Erzberger: I picked Sentinels to win before this event began and not only have they proved me right every step of the way but have “giga gapped” the competition. While I won’t be as cocky to say they’ll run through Iceland without dropping a single map — believe me, I will be insufferable if that somehow happened — I do think they deserve to be solid favorites going into the final. This is a team that gets up for big matches and ShahZaM had an extra day of preparation to get ready for the granddaddy of them all.

I’m going 3-1 Sentinels with TenZ getting MVP after throwing up 30 kills on the game-deciding map.

Merchant: I think Fnatic will win 3-2. Both teams are insanely talented and have shown why they deserve to be here.
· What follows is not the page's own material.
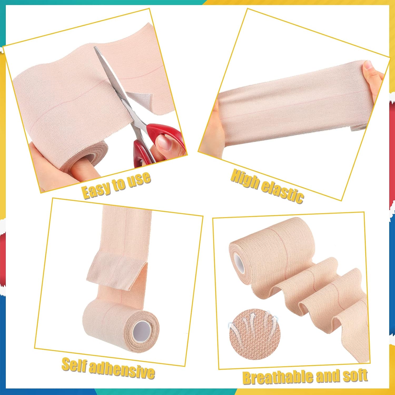4 Rolls Elastic Tape Adhesive Elastic Tape Self Adhesive Bandage Wrap Flexible Stretch Bandages for Sports Ankle, Knee and Wrist Sprains Animal Pets, 5 Yard (4 Inch in Width)
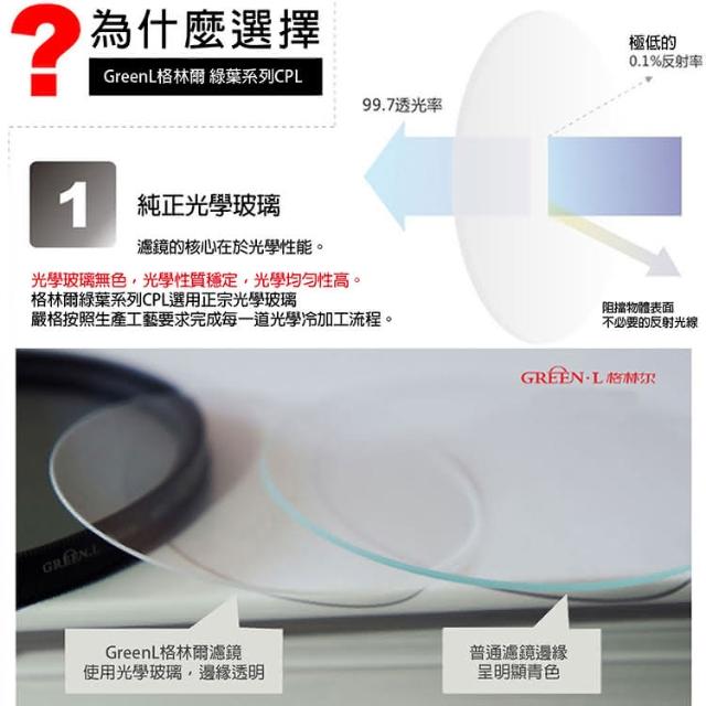 攝彩格林爾 MRC 超薄框 CPL偏光鏡(62 67 72mm 光學玻璃 Green.L 16層鍍膜)

While Sentinels have proven how strong they are mentally, Fnatic are used to playing lots of matches in a single day – as shown in their back-to-back victories on day six of the event and in previous events. Best-of-fives are very long and Fnatic will definitely outlast Sentinels.

Appleford: I have my money on Fnatic winning the finals solely because I think it’s time for Sentinels to fall. It’s just like Gonzaga during this year’s March Madness, they were undefeated going into the final and completely choked. Sentinels haven’t lost a map while Fnatic have played the most series at the tournament, gotten more practice, and has had more time to adapt. Fnatic 3-1.

McLaughlin: I’ll go with Sentinels 3-2 and each map will go down to the wire 13-11 across the board. Hearts will be broken and legends will be forged. I want someone to puke from stress, get back on the stage and hit a damn headshot. I don’t want to be able to go to sleep after this final. TenZ and Derke should both drop 80 kills. As for the MVP, I’ll go with Dapr since that guy will probably get a knife kill for the final frag of the series.

I’m predicting the most intense match of VALORANT yet.